Purification of wild-type and mutant CYP3A4
All the following steps were performed at 4°C. The pellet obtained from 5 × 750 mL cultures was resuspended in Buffer A (150–200 mL, 0.1 M potassium phosphate, or KPi, at pH 7.4, containing 10% glycerol) supplemented with phenylmethylsulfonyl fluoride (PMSF, 2 mM). The following protease inhibitors were also added: leupeptin (1.6 μg/mL), aprotinin (1 μg/mL), bestatin (0.8 μg/mL) and pepstatin A (0.7 μg/mL), along with lysozyme (10 mg per g of cells) and CHAPS (1% w/v). The resulting mixture was stirred slowly for 30 min and then sonicated at 60% cycle duty and power 8 for 4 cycles of 30 s each. The lysate was centrifuged for 1 h at 54,000 × g. The supernatant was supplemented with imidazole (5 mM) and KCl (0.5 M) before being loaded onto a column containing Ni-NTA agarose resin (5 mL, Qiagen) pre-equilibrated with Buffer A. The flow rate was adjusted to ca. 1 mL/min. The resin was washed with 10 column volumes of Buffer A containing KCl (0.5 M), CHAPS (0.5 % w/v) and imidazole (5 mM), followed by 10 column volumes of Buffer A containing imidazole (20 mM). The protein was eluted with Buffer A containing more imidazole (200 mM). The fractions containing the protein of interest were combined and dialyzed against Buffer A. The protein was further purified by ion-exchange using Macro-Prep High S Support resin (Bio-Rad). Thus, the protein was loaded onto a column containing the said resin (15 mL) pre-equilibrated with Buffer A. The column was next washed with Buffer A (50 mL), followed by elution with Buffer A containing KCl (0.5 M). Finally, the fractions of interest were combined, dialyzed against Buffer A, and stored at −80°C. Protein concentration was measured using the Bradford method (Pierce, 23236) while the concentration of P450 was calculated from its reduced-CO spectrum26.
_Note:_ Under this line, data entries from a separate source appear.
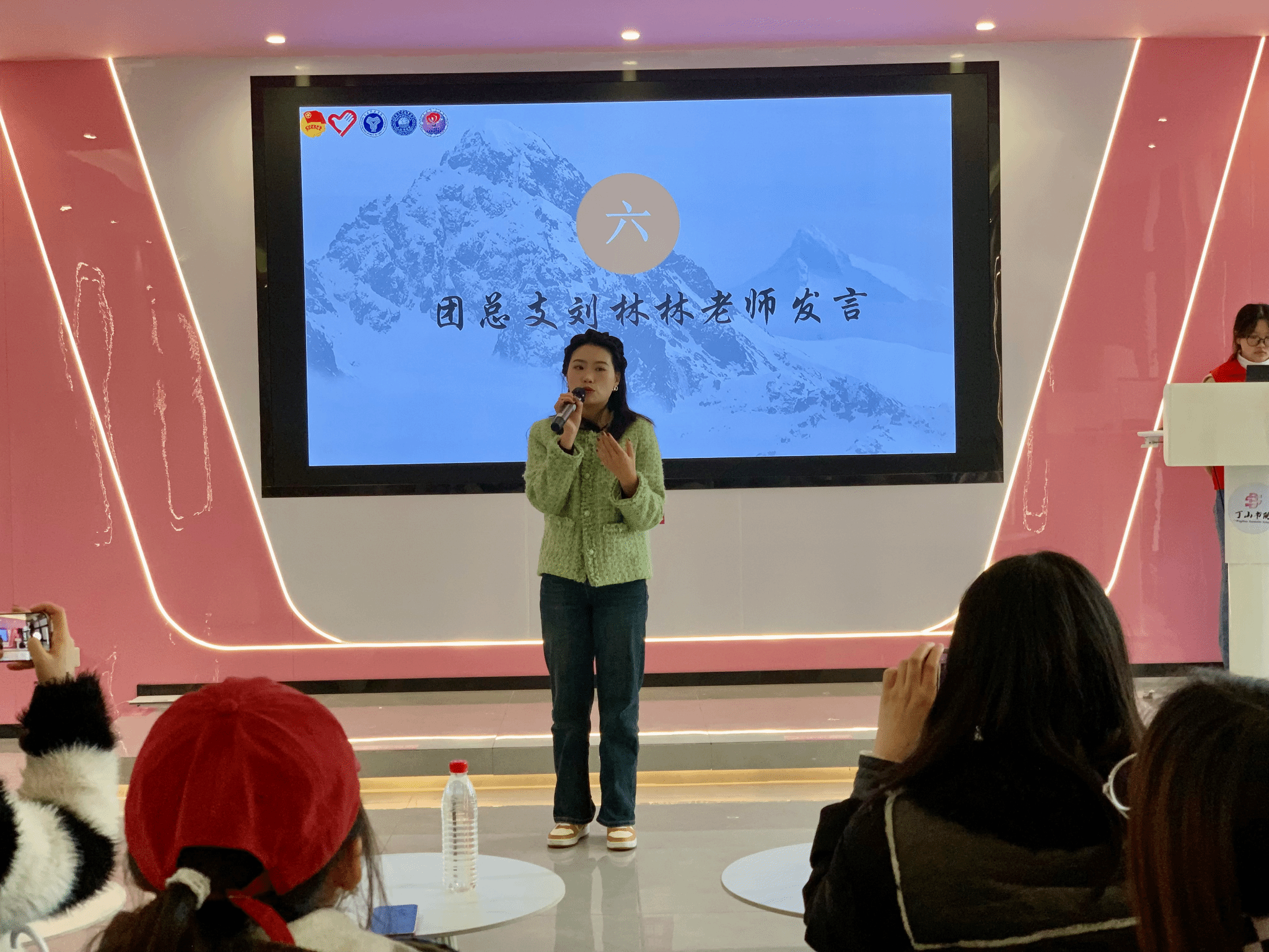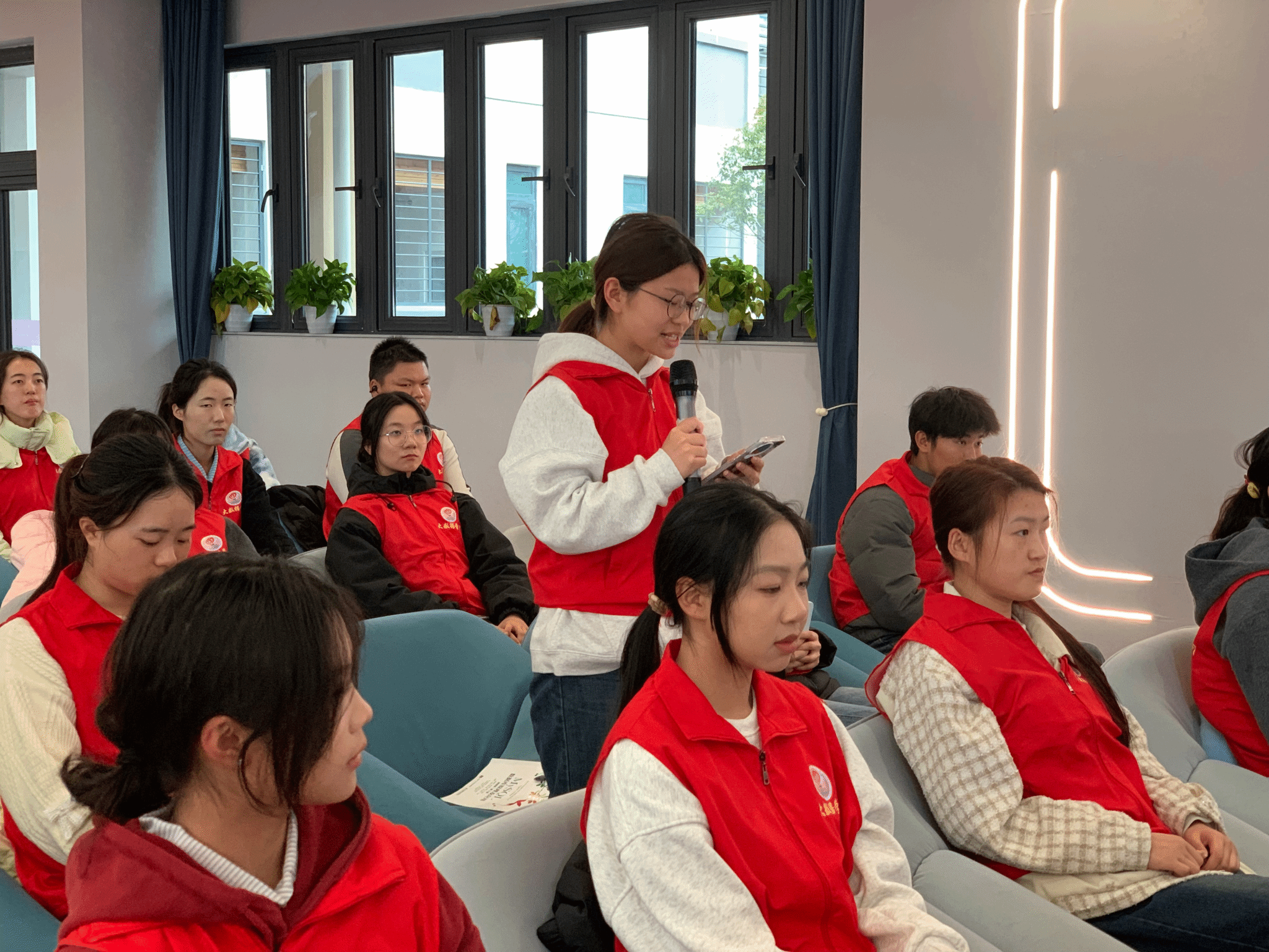 随后来到了交流环节,多名志愿者积极发言。一位同学谈到自己在家乡了解了非物质文化遗产,正是因为她们的坚持才使得这些文化得以延续与推广。还有一位同学表示,她最初对社会实践不了解,后来通过周围同学的谈论逐渐了解到社会实践的内涵,并在下次的社会实践中付诸行动,认识到应通过磨砺而出彩的道理。在她们激情的交流中,她们在心中立下了要以青春之我投身乡村振兴的伟大决心。在刘林林老师的经历分享中,她讲述了自己从一个容易害羞的女孩,通过参加社会实践活动逐渐进步,最终能够冷静分析问题的改变经历。这次大会在她的分享中逐渐接近尾声。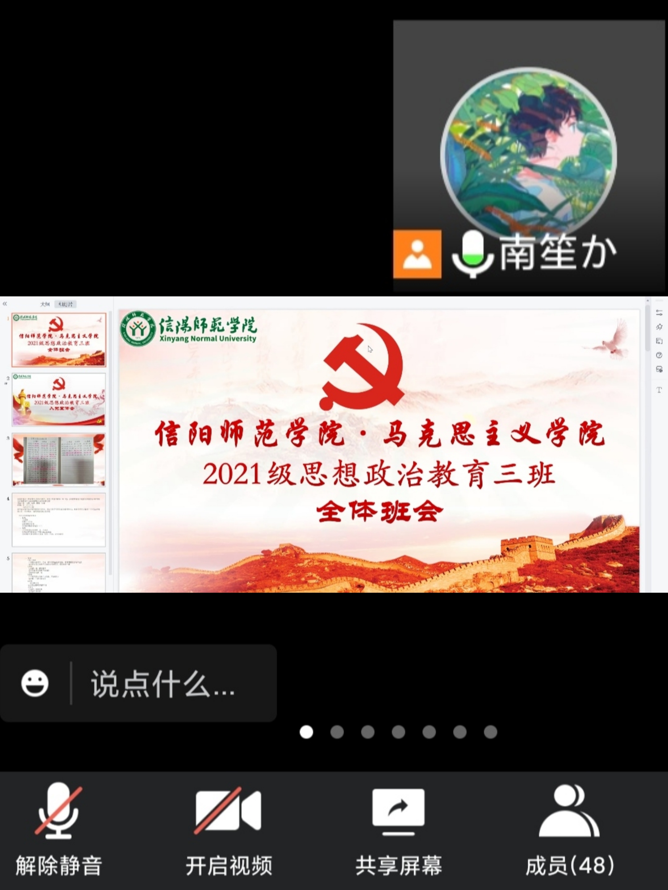 为增强同学们对入党的重视和调动同学们参与班务的积极性,10月14日晚上,金年会jinnianhuicom2021级思想政治教育三班入党宣传会暨全体班会在腾讯会议上顺利召开。金年会jinnianhuicom2021级思想政治教育三班全体同学共同参加,会议由团支书郭少华和副班长王岚霄主持。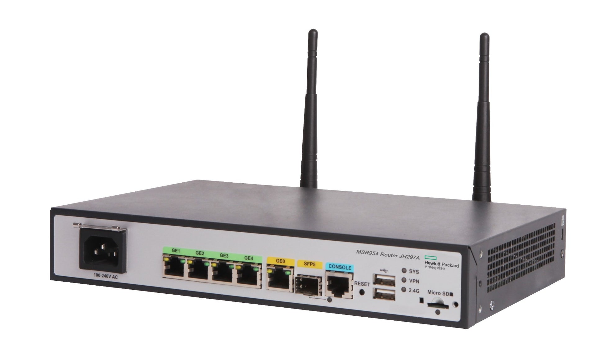 HPE JH297A | 1x 1GbE SFP, 2x GbE WAN, 4x GbE LAN, 802.11n Wi‑Fi (2.4 GHz), Comware v7, IPsec VPN, SD‑WAN ready, no integrated LTE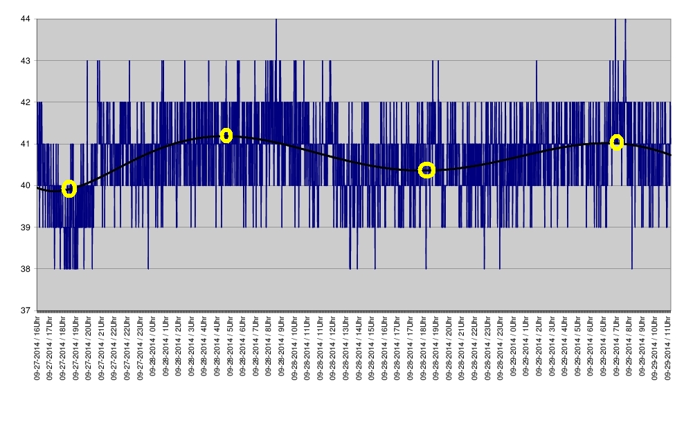 Wenn du bei der Y-Achse Einflüsse der Mondanziehung festgestellt haben willst, warum zeigst du dann den Verlauf für die Z-Achse?
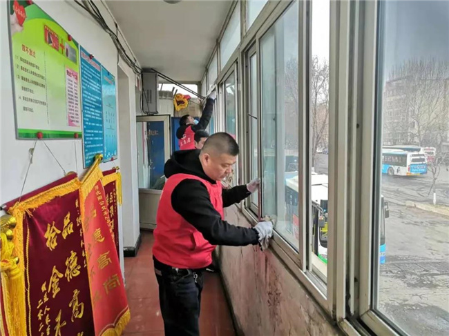 近日,132路隊長張鐵豐帶領(lǐng)駕駛員們對工貿(mào)學(xué)校終點站的候車?yán)冗M(jìn)行衛(wèi)生打掃。大家分工合作,對候車?yán)鹊姆鍪?、站牌、地面進(jìn)行清潔打掃,同時為問路的乘客提供幫助。在隊長和駕駛員共同努力下,候車?yán)刃l(wèi)生整潔一新。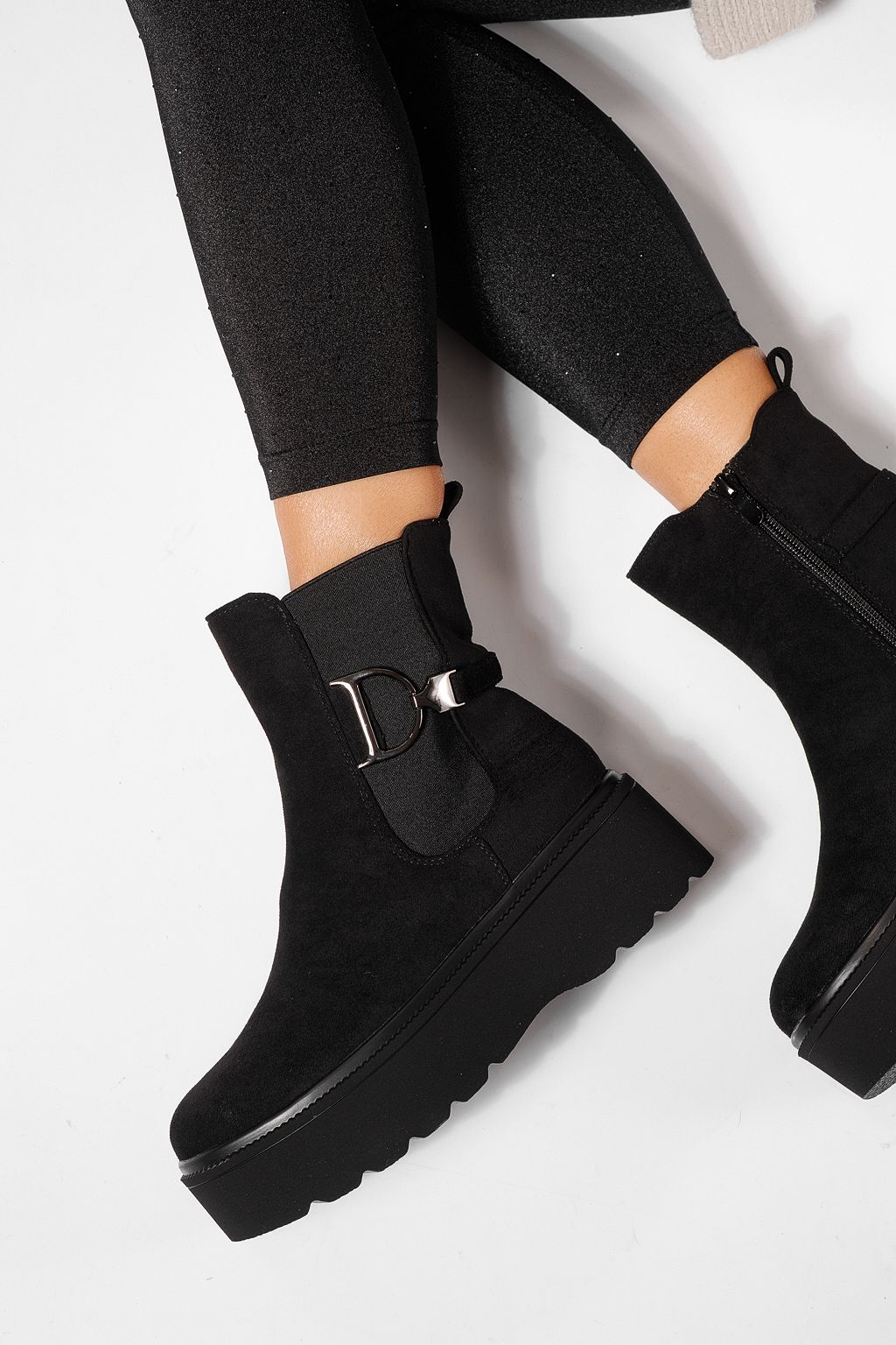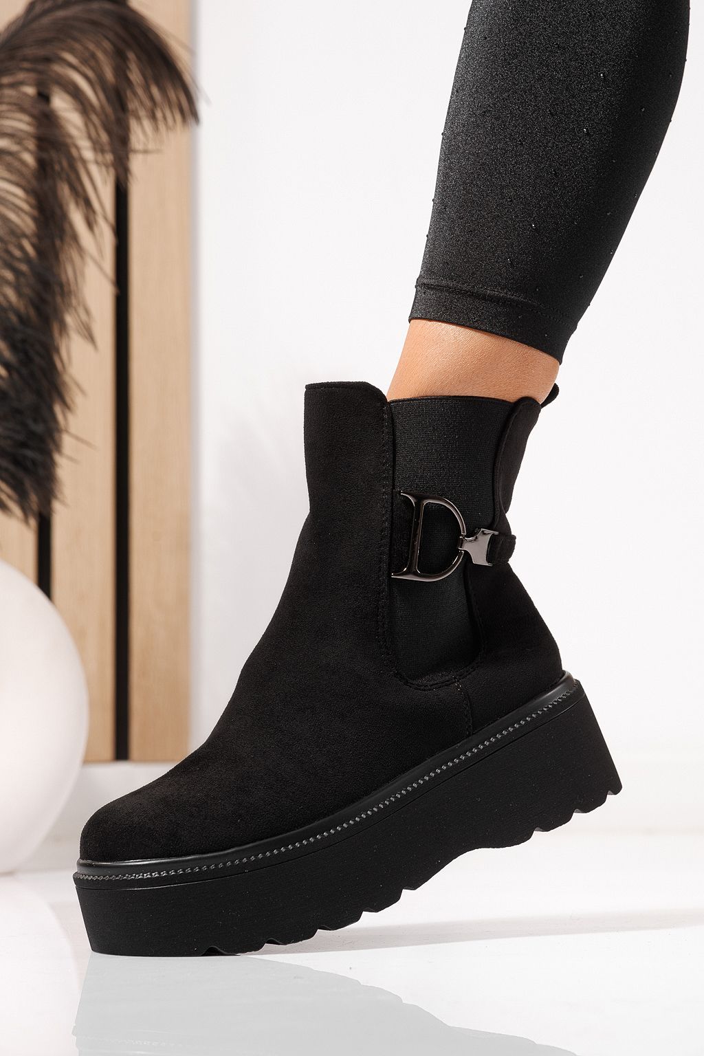 Дамски боти подплатени с пух черни от обърната еко кожа Dalia #23075
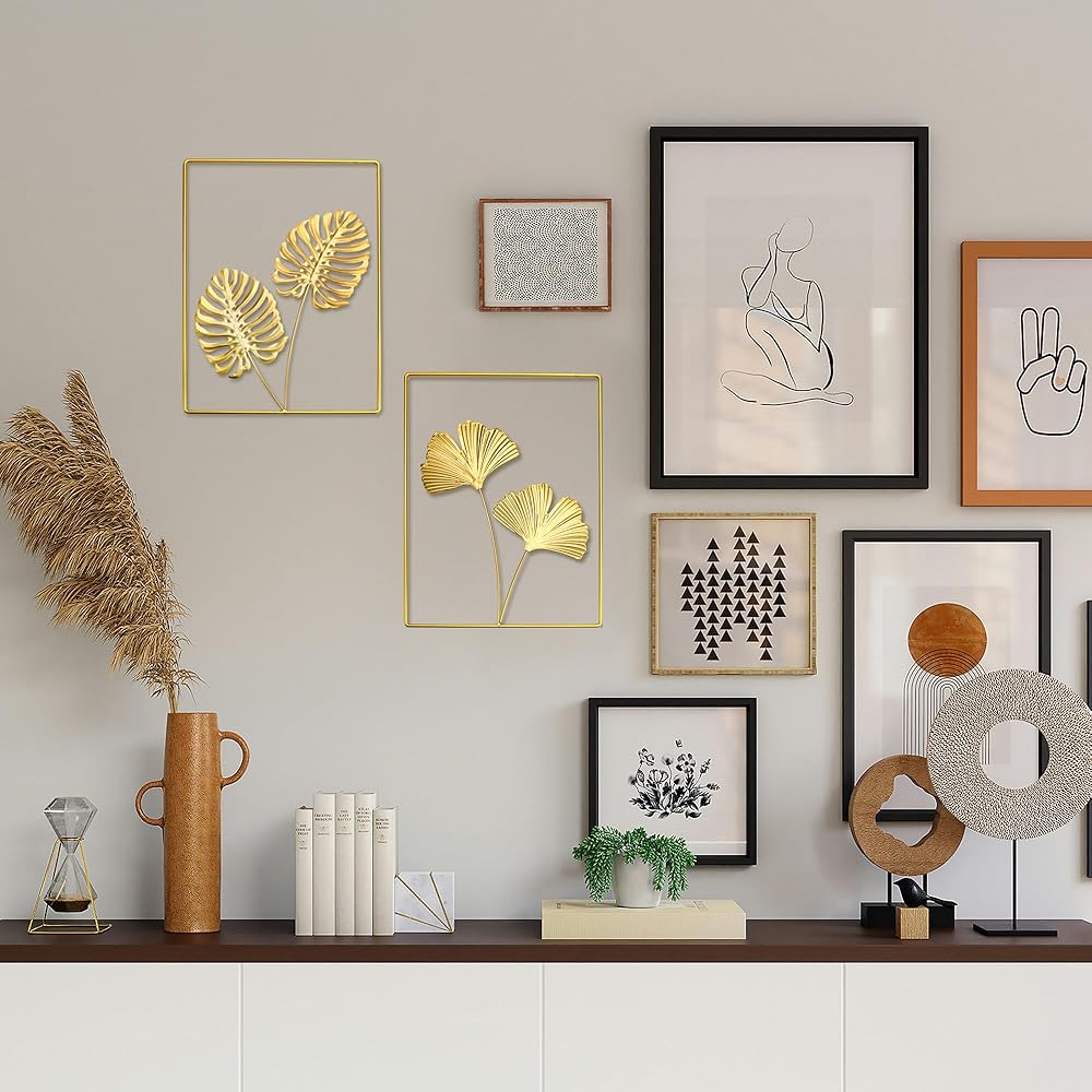 huoiqiue 2-مجموعة 16 "× 12" ديكور الجدار الذهبي الفن المعدني الذهبي يترك ديكورات المنزل، المعلقات الجدار المنحوتات لهجة الصور الزخرفية مع الإطار، ديكور لهجة الذهب لغرفة النوم وغرفة المعيشة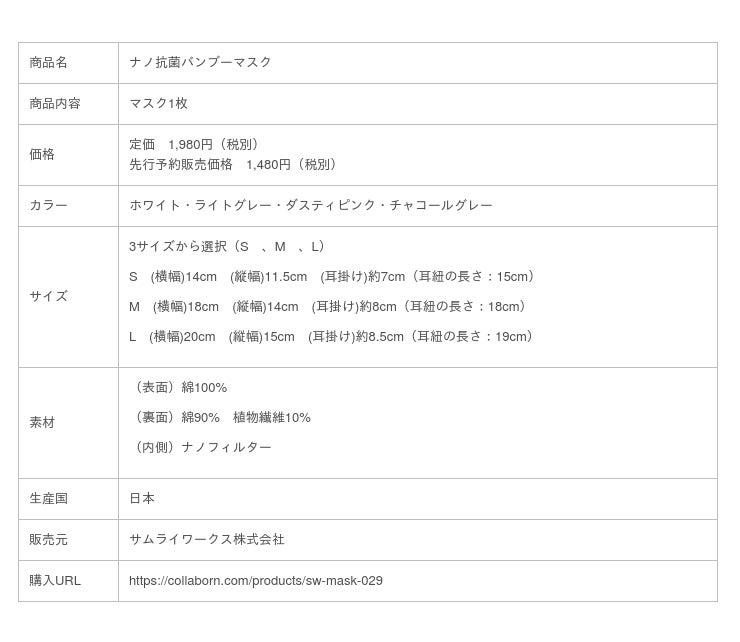 累計販売枚数20万枚を突破した「ナノクール抗菌マスク」などを展開するサムライワークス株式会社(東京都渋谷区)は、「ナノクール抗菌マスク」の秋モデルとして「ナノ抗菌バンブーマスク」を、先行1万枚で公式サイトにて予約販売を開始します。「ナノ抗菌バンブーマスク」は、継続して医療用レベルのナノフィルターを採用することで医療用レベルのコロナウイルス感染対策はもちろん、肌に接する面には天然竹繊維であるバンブーリネンを採用し、秋に多発する肌トラブルを優れた調湿性で対策できます。また通気性に優れており息がし易く、脱臭・抗菌の効果もあります。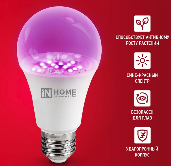 Отзывы на Фитолампа LED-A60-ФИТО IN HOME, 15W, E27, красно-синее свечение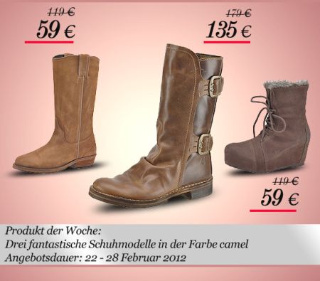 Das aktuelle Produkt der Woche bei Butyk.de beinhaltet diesmal drei Schuhmodelle in der modischen Farbe camel! Mehr...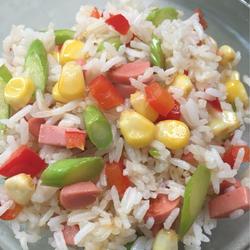 1. Prepare ingredients: asparagus, red pepper, ham, corn, rice.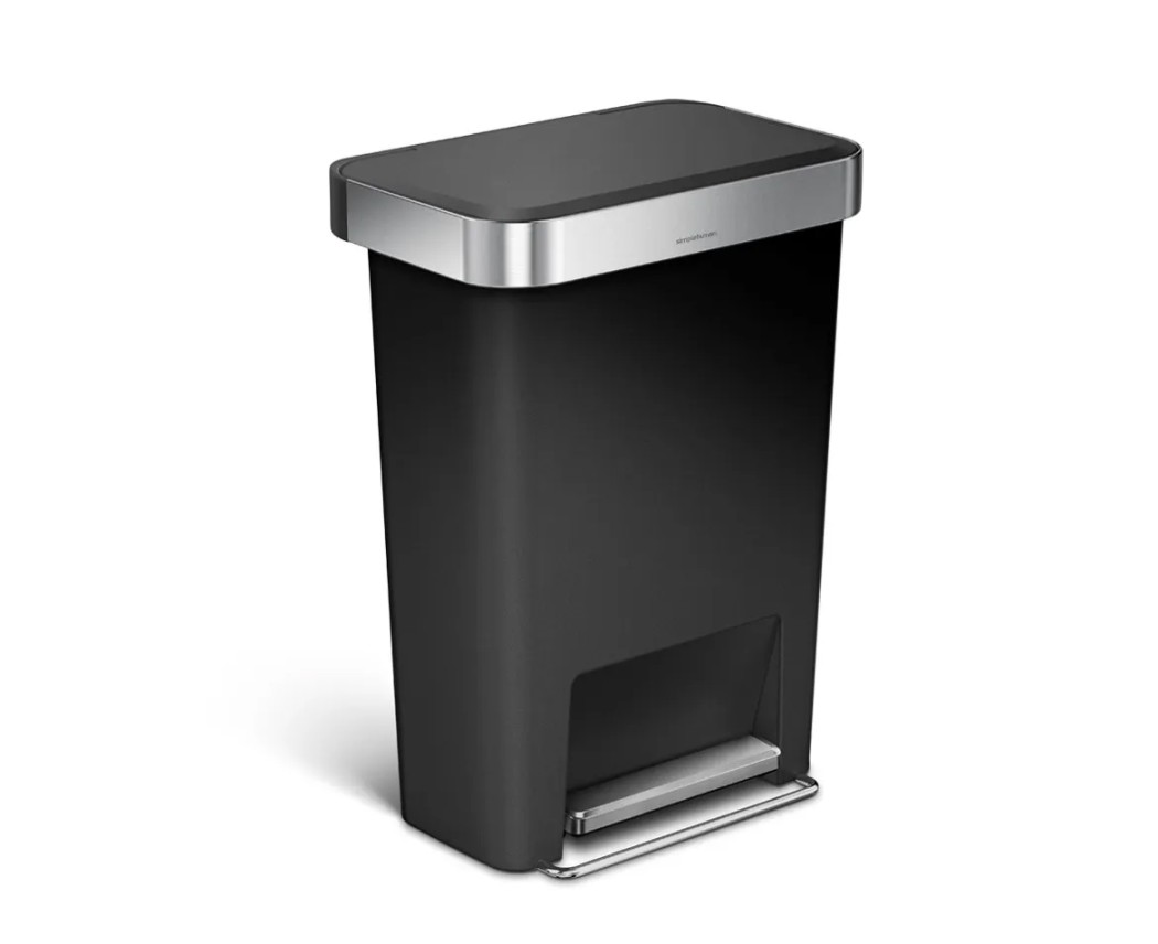 פרטי מוצר פח פלסטיק שחור שוליים נירוסטה 45 ליטר

Expression and purification of Cytochrome P450 reductase (CPR)
CPR was expressed and purified as described elsewhere4. Protein concentration was measured by the Bradford method (Pierce, 23236). The concentration of holo-CPR was estimated from its flavin content using an extinction coefficient of 21.4 mM−1•cm−1 at 456 nm27.
Cysteine-specific protein labelling with maleimides
Maleimide labels were purchased or generated from the corresponding amine as described below. Stock solutions (20 mM) of the maleimides were prepared in anhydrous DMSO. In a small glass vial, wild-type or mutant CYP3A4 (typically ~10 μM, based on Bradford assay) was combined with 9 equivalents of TCEP (10 mM stock in Milli-Q water) in KPi buffer (0.1 M at pH 7.4), and incubated at 25°C and 250 RPM for 20 min. Then, 100 equivalents of the desired maleimide label were added, and the reaction was incubated for 2 h under the same conditions. Note, equivalents are reported relative to the concentration of CYP3A4. The reaction was quenched by the addition of DTT (2 mM from a 0.1 M stock solution in Milli-Q water) and incubation for 5–10 min. Control reactions were also performed in which pure anhydrous DMSO was added instead of the maleimide label with and without the 2 h incubation period.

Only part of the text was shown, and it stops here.